Château d'Ancy-le-Franc is a Renaissance-style château of the 16th century located in the town of Ancy-le-Franc in the department of Yonne, in France.

==History==

The site was originally occupied by a 12th-century fort, which survived until the end of the sixteenth century.

Construction of the existing château began in 1544, at the request of Antoine III de Clermont, brother-in-law of Diane de Poitiers and son of Anne de Husson, countess of Tonnerre. The design of the building is traditionally attributed to the Italian architect Sebastiano Serlio, who had been invited to France by King Francis I. Following Serlio's death in 1554 at Fontainebleau, architect Pierre Lescot, took over the work, respecting the original plans of Serlio. The interior design is the work of Francesco Primaticcio, who was working at Château de Fontainebleau at the time.

Antoine de Clermont died in 1578 and his grandson Charles-Henri de Clermont, completed the interior. Fully completed, the château was now able to host prestigious guests such as Henry III (brief visit), Henri IV in 1591, Louis XIII in 1631 and Louis XIV in 1674.

In 1683, the Clermont-Tonnerre family was forced to sell the land of Ancy-le-Franc and the château to François-Michel Le Tellier, minister of Louis XIV. The following year, Louvois acquired the entire County of Tonnerre, (including the Château de Maulnes). Following this, he employed well-known landscape architect André Le Nôtre for creating pathways and gardens within the grounds.

After the French Revolution, the family managed to regain possession of the château. He restored the grounds as well as the interior of the château to its former glory.

In 1844, Ancy-le-Franc was sold to Louis Aimé Gaspard de Clermont-Tonnerre, a descendant of Antoine III of Clermont. It then passed between various hands, including those of the princes of Merode.

The château is currently owned by a private company, Société Paris Investir SAS, which undertook its restoration, and recognition as a national historical monument.

==Description==

The architecture of the château is the result of a mixture of French and Italian styles, a consequence of compromise between the French owner and Italian architect.

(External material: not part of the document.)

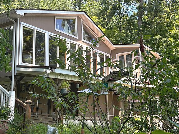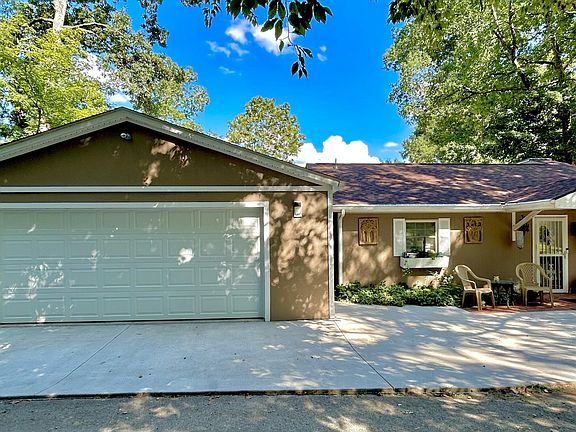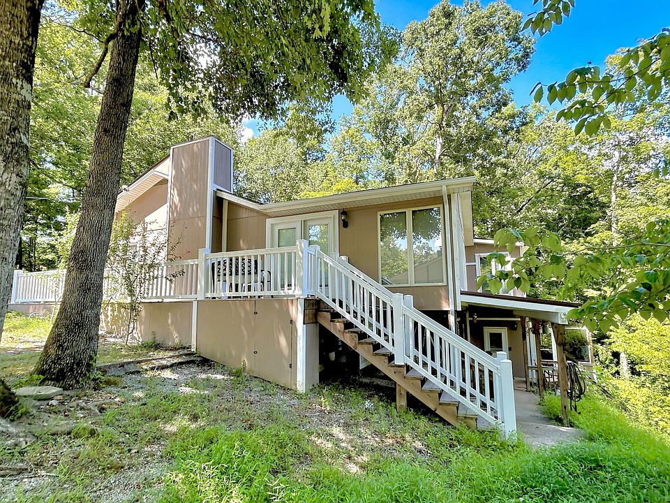 On the main level, a sitting room is immediately off the great room and includes a beautiful decorative fireplace with a gorgeous, wooden, floor-to-ceiling mantel. A utility room with washer/dryer hookups (washer/dryer not included with the property) are accessible through convenient french doors.. A small hallway provides access to two bedrooms. A shared half bath connects the two bedrooms, and the master bedroom has a luxurious full bathroom with two sinks and ample counter space while a skylight offers warm illumination.Adjacent to the kitchen in the great room is an office space with stairs down to a second unit. The downstairs unit is a studio-style bedroom with built-in shelves, a full bath, and its own washer-dryer hookup (with appliances staying with the home). The door at the top of the stairs has the security of an exterior door, and the studio has its own access outside. It's an ideal candidate to be a fantastic AirBnB! Outside, the property provides a new two car garage (built 2023; 24.25'x21.5') with plenty of room for storage. A modest deck leads to a paved area that could easily be used as a patio and includes additional storage available in an enclosed, built-in shed under the great room. Just beyond the paved area is semi-cleared hillside ready for a gardener with a green thumb. The property south of the hillside is owned by the Army Corps of Engineers, so there is no worry of a new development obstructing the pristine view of Lake Cumberland. The roof of the house is brand new - installed summer 2025. The surrounding area is abundant with possibility! Pleasant Hill Boat dock is only 0.6 miles away. The stunning beauty of Little Lily Creek Falls are less than 5 miles away (on your way to Jamestown from the home). Charming Jamestown, KY is 6 miles away and bustling Russell Springs, KY is 10 miles away - close enough for convenience but distant enough that your piece of paradise feels all your own.
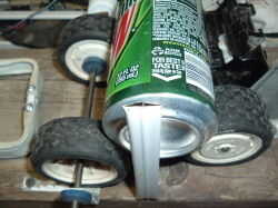 Esto obtiene fuerte, así que con guantes es importante. Utilice tijeras o tijeras para cortar la parte superior de la lata en la costura donde dobla la lata de la lata. Cortado por el centro a la parte inferior y luego cortar el fondo de la lata. Ahora debe tener una pieza rectangular de chapa de aluminio. Para facilitar la carga de trabajo, formato de estos con el tiempo obtienes las latas. Una de las fotos más abajo muestra el comienzo de una máquina de corte puede; Yo espero que funcione porque mis manos están cansadas.

The château is built on a rectangular central plan. Four houses form a square and are each flanked by projecting pavilion walls. This plan is based on plans called "pi" widely used in France at that time. Serlio separated the two levels by a wide ledge upon which the second level bays. Tuscan columns were used on the main level and Doric columns were used on the second level. On both levels, the bays were framed by pilasters. While there are currently windows within each bay, this was not originally the case. Serlio wanted to create a rhythm alternating between open windows and empty bays. Additional windows filled all the empty bays in the 17th century.

For the facade of the interior, Serlio used Corinthian columns on the first level and Composite columns on the second level. Again, he created a rhythm alternating between open windows and niches framed by pilasters. These niches are adorned with an inner shell. Serlio created a triple arcade on the ground floor, reminiscent of the Villa Madama.

Serlio was able to comply with the weight requirements of the building and its steeply pitched roof in a manner similar to the Château de Villandry, using limestone from Burgundy.

Inside the château, there are murals from drawings of Primaticcio or Niccolò dell'Abbate, as well as coffered ceilings, fine wood carvings, and various colorful ornaments.